A Jewish student at the University of California at Davis was told that the Star of David was a hate symbol. A student at UC Santa Cruz, a veteran of the Israeli military, was frequently called a “baby killer” on campus. Protests at various UC campuses regularly analogize Israel’s treatment of the Palestinians to the Nazi genocide against Jews. Among these protests is an annual “Israel Apartheid Week” which features stunts like mock “die-ins,” in which students pretending to be Palestinians collapse as if they had been killed en masse by Israelis.
Together, these events illuminate a pattern of pervasive anti-Israel sentiment on UC campuses, at least some of which rises to the level of actual anti-Semitism. That disturbing pattern is set forth in detail in a July 9 report compiled by the UC Advisory Council on Campus Climate, Culture, and Inclusion created in 2010 by UC President Mark Yudof. The report concludes that UC campuses play host to a
“movement which targets Israel and Zionism through an ongoing campaign of protests, anti-Israel/anti-Zionism ‘weeks,’ and, on some campuses, the use of the academic platforms to denounce the Jewish state and Jewish nationalist aspiration.”
Those findings are deeply troubling, and if they have not received the media coverage they deserve it is mostly because they have been overshadowed by another part of the advisory council’s report – namely, it’s no less troubling recommendation that “UC should adopt a hate speech-free campus policy” as a way to silence the speech that dismays so many Jewish students supportive of Israel.
Thus, the report’s authors lament that “UC does not have a hate-free policy that allows the campus to prevent well-known bigoted and hate organizations from speaking on campus” and insists that “UC should push its current harassment and nondiscrimination provisions further, clearly define hate speech in its guidelines, and seek opportunities to prohibit hate speech on campus.” To that end, the council calls on President Yudof to task his general counsel with finding “opportunities to develop policies that give campus administrators authority to prohibit such activities on campus.” Most brazenly, the council notes that while banning speech on campus would likely provoke a legal challenge, it suggests “that UC accept the challenge” and adopt such policies anyway.
The council is right to worry about the legal implications of outlawing hate speech.

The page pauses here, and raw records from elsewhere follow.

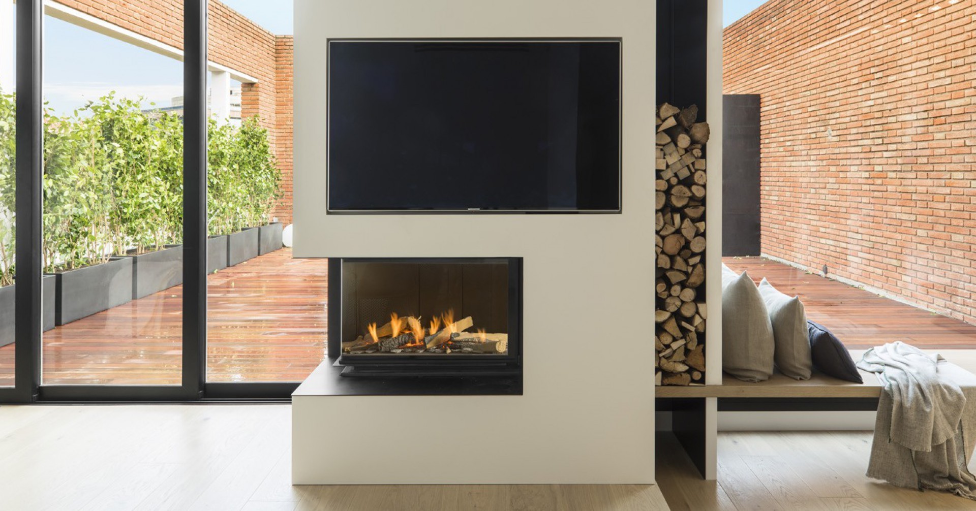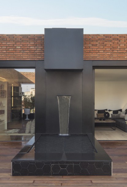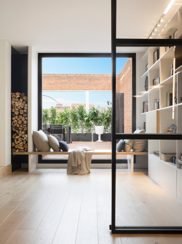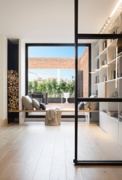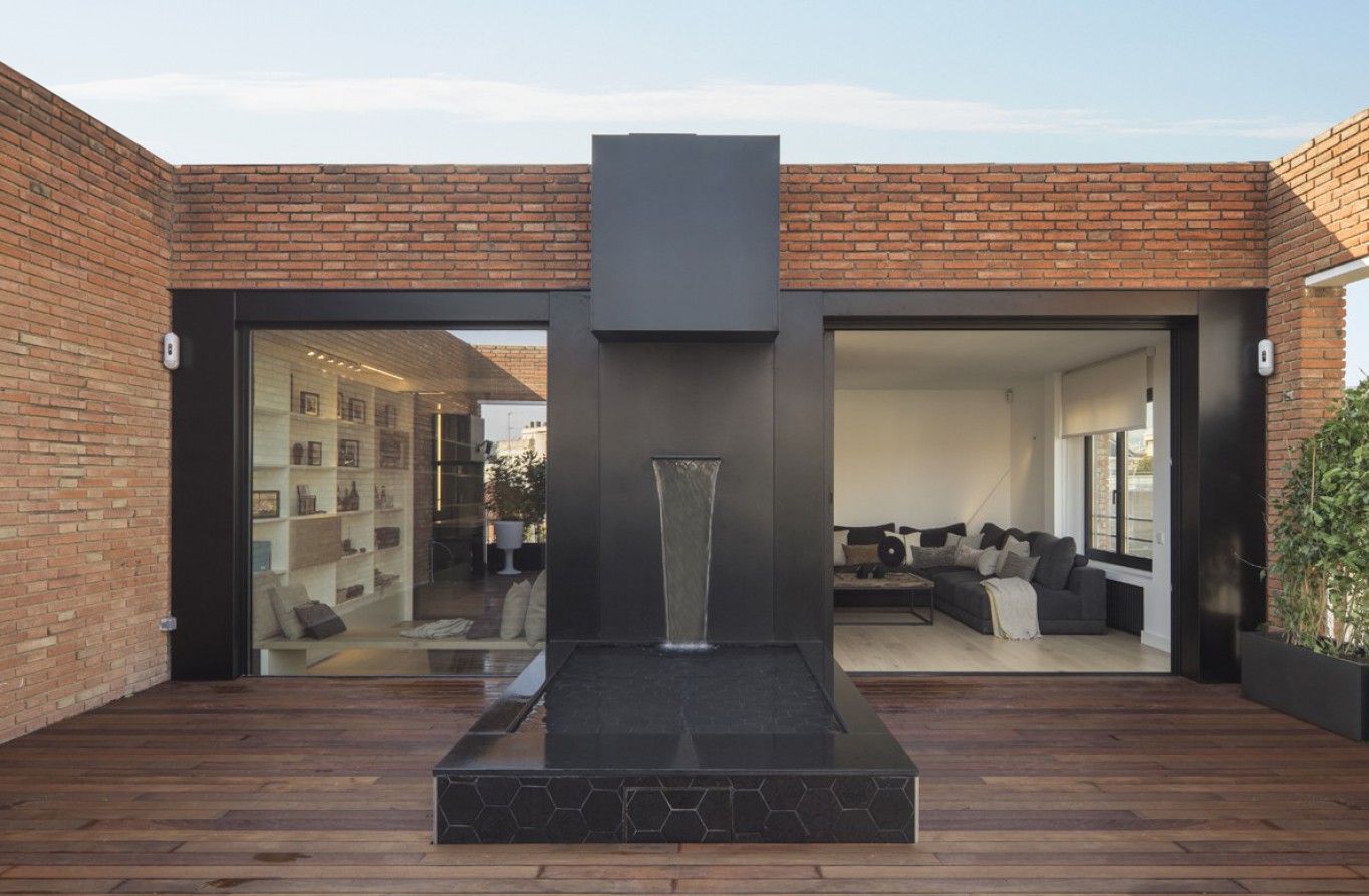 The terrace is designed as the second great social core. It melts into the exterior thanks to the enormous opening that lets the light flood in to accentuate the contrast between the white interior and the metallic blaatio.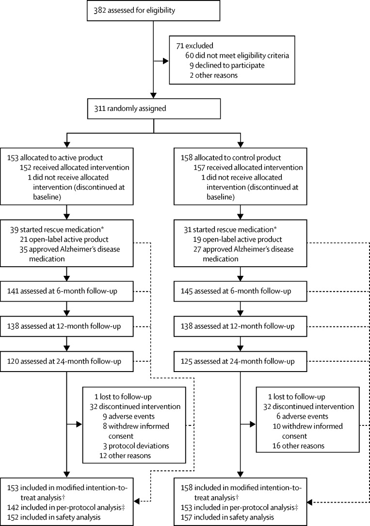 Methods: LipiDiDiet was a 24-month randomised, controlled, double-blind, parallel-group, multicentre trial (11 sites in Finland, Germany, the Netherlands, and Sweden), with optional 12-month double-blind extensions. The trial enrolled individuals with prodromal Alzheimer's disease, defined according to the International Working Group (IWG)-1 criteria. Participants were randomly assigned (1:1) to active product (125 mL once-a-day drink containing Fortasyn Connect) or control product. Randomisation was computer-generated centrally in blocks of four, stratified by site. All study personnel and participants were masked to treatment assignment. The primary endpoint was change in a neuropsychological test battery (NTB) score. Analysis was by modified intention to treat. Safety analyses included all participants who consumed at least one study product dose. This trial is registered with the Dutch Trial Register, number NTR1705.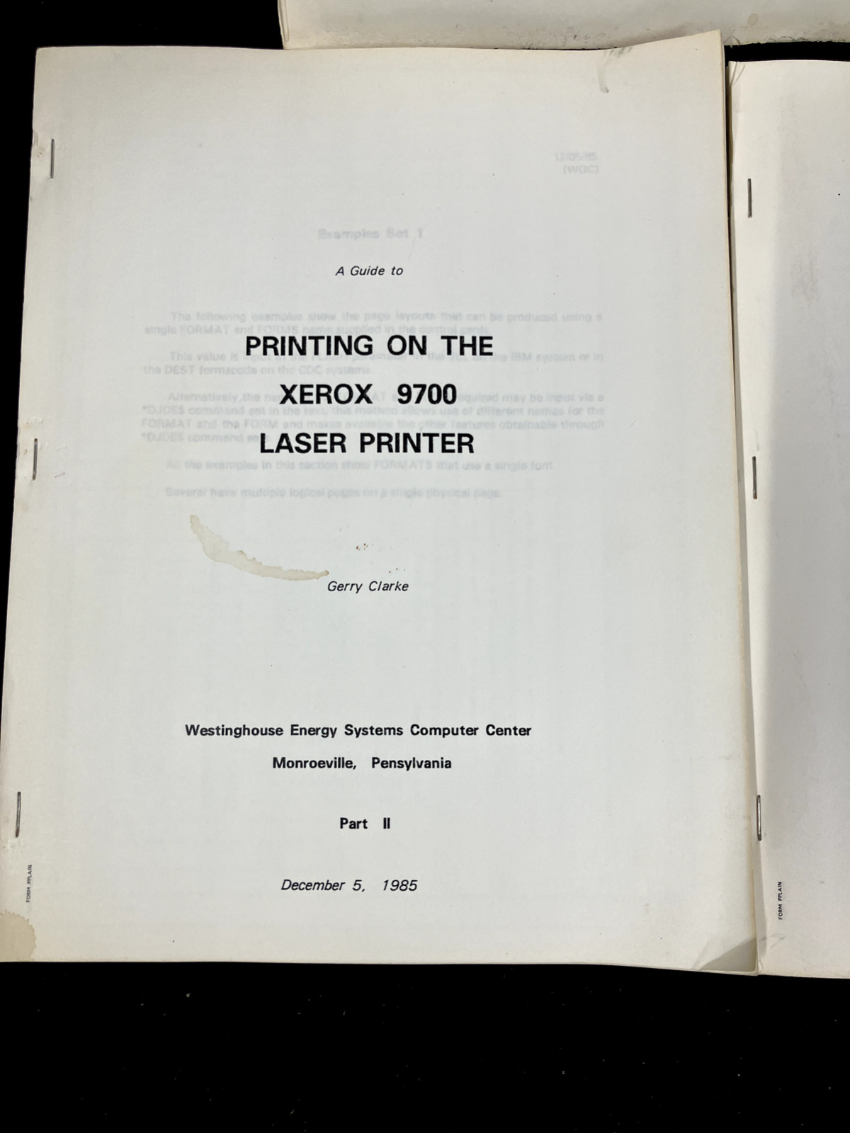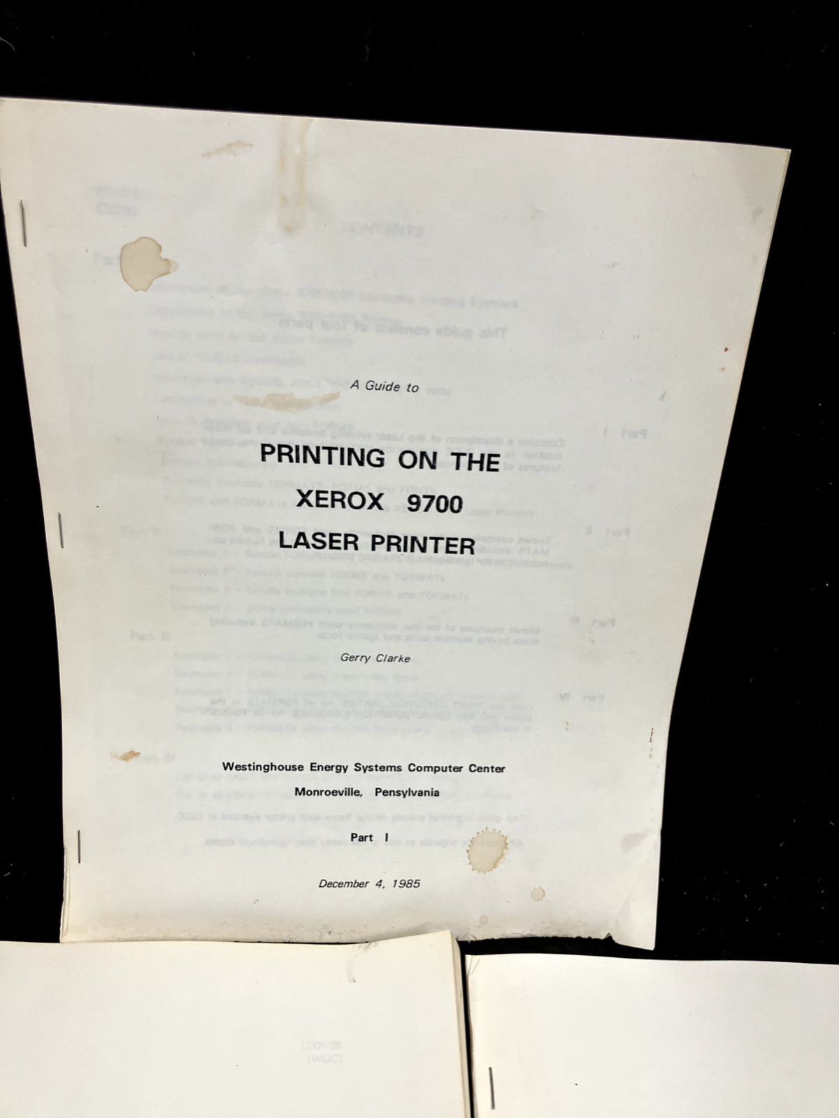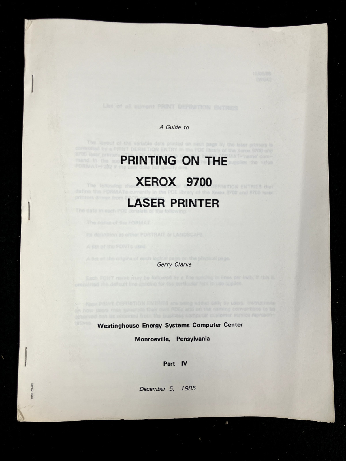 PRINTING ON THE XEROX 9700 LASER PRINTER GUIDE PART 1,2,4 BY GERRY CLARK, 1985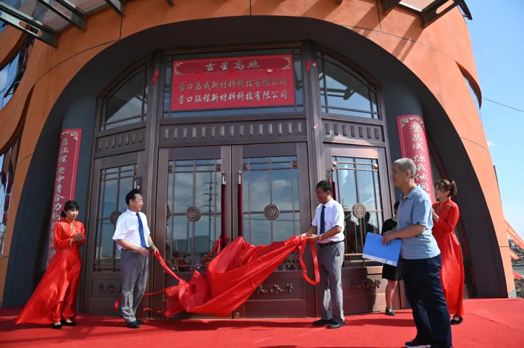 2021年7月20日,昌成新材廠區(qū)外彩旗飄揚(yáng)、彩虹門佇立,新落成的辦公樓前,16個(gè)氫氣球帶著紅色的祝賀彩帶迎風(fēng)飛舞,東門兩側(cè)張貼著鮮紅的對(duì)聯(lián):?jiǎn)⒄鞒汤现星嗪狭潣孙L(fēng)浪,誓昌成你我他同心揮毫繪江山,橫批:吉星高照,一樓員工食堂大廳人聲鼎沸、紅毯鋪地、綠植盎然,歡快的音樂縈繞四壁。昌成新材和征程新科辦公樓落成入住典禮將在這里隆重舉行。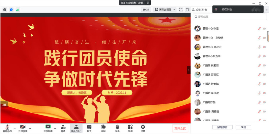 党有号召,团有行动。为发挥基层团组织的战斗堡垒作用和团员青年的先锋模范作用,2022年11月3日,赣东学院团委开展线上团课培训活动,团员代表按时进入腾讯会议参与线上培训,此次培训由学院团委老师曾泽惠以“践行团员使命 争做时代先锋”为主题进行授课。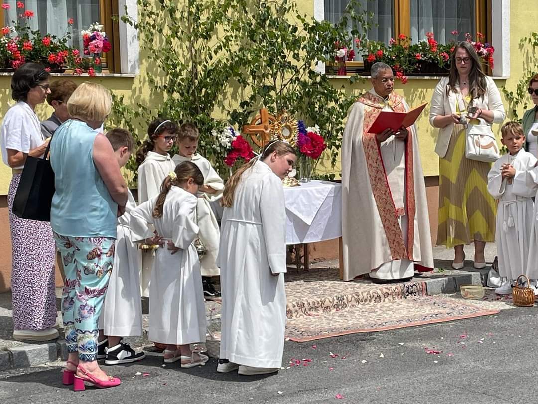 Bei wunderschönen Wetter konnte die Fronleichnamsprozession durchgeführt und das Allerheiligste unter dem Himmel durch die Ortschaft getragen werden.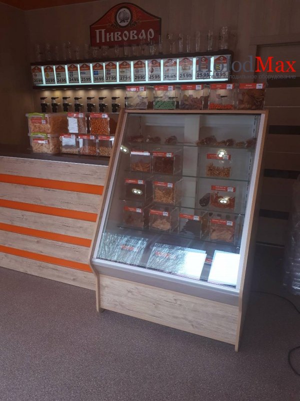 Витрина холодильная ДНIПРОторг с динамическим охлаждением (No Frost) - используется для демонстрации снековой продукции, а также гастрономической группы товаров (колбас,сыры, копчености) . Боковины выполнены из ламинированного ДСП.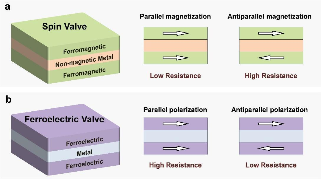 Spin valves, which modulate resistance by controlling spin orientations in ferromagnetic layers, have been instrumental in advancing spintronic technologies such as magnetic memory and sensors. Inspired by the conceptual analogy between ferroelectricity and ferromagnetism, the researchers led by Prof. CHEN Chunlin from IMR designed a structurally analogous system in which resistance is tuned through polarization switching in neighboring ferroelectric layers.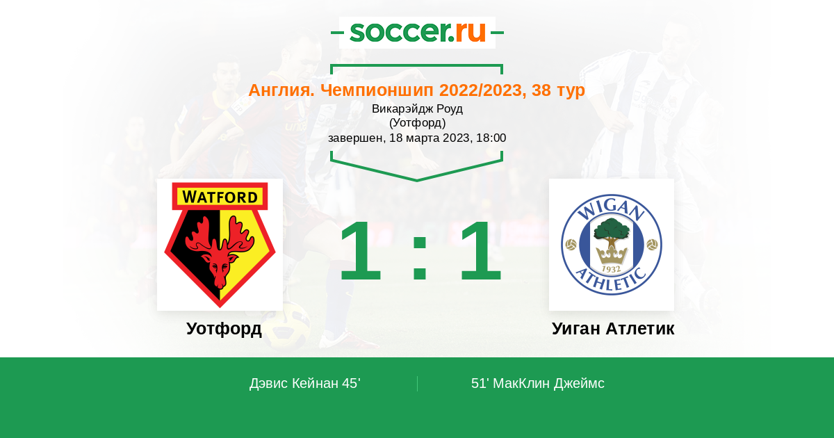 Протокол матча Уотфорд против Уиган Атлетик

Banning speech — even extremely offensive speech — is clearly illegal and has long been recognized as such by the courts. That is especially true in the context of academia, which has been seen as a preserve of free expression. The council’s call for bans on anti-Israel hate speech is thus an invitation to violate the constitutional right to free speech in the name of campus sensitivity. “The First Amendment guarantees that Americans have the right to engage in speech and this includes speech that others might deem hateful,” notes Robert Shibley of the Foundation for Individual Rights in Education (FIRE). “There is abundant legal precedent for this proposition and what this report seems to recommend flies right in its face.”
If there were compelling reasons for running roughshod over the First Amendment, the council fails to cite them. It asserts that students should be protected from “harassment and intimidation” but never explains why this cannot be accomplished by the university’s current policies on student conduct and discipline or why free speech should be sacrificed in the process.
The issue might be more complicated were the anti-Israel speech that students find offensive accompanied by physical threats but the council concedes that this is not at all the case, and in fact notes that “not one Jewish student indicated that they perceive the Jewish student community as physically unsafe at UC.” On the rare occasions when attacks on Israel have gone beyond permissible free speech, universities have punished the conduct. In 2010, for instance, 11 students shouted down a speech by Israeli ambassador Michael Oren at UC Irvine. That was a shameful incident and the school brought appropriate punishment against the offending students: Ten of the students were convicted on misdemeanor charges for civil disturbance and sentenced to three years of informal probation. In light of this precedent, it is perhaps not surprising that the best the council can do to justify a ban on speech is to allude to some unspecified “complex dynamics” of the student “experience” that ostensibly justify such a ban. More should be required to trump free speech, however objectionable the ideas it expresses.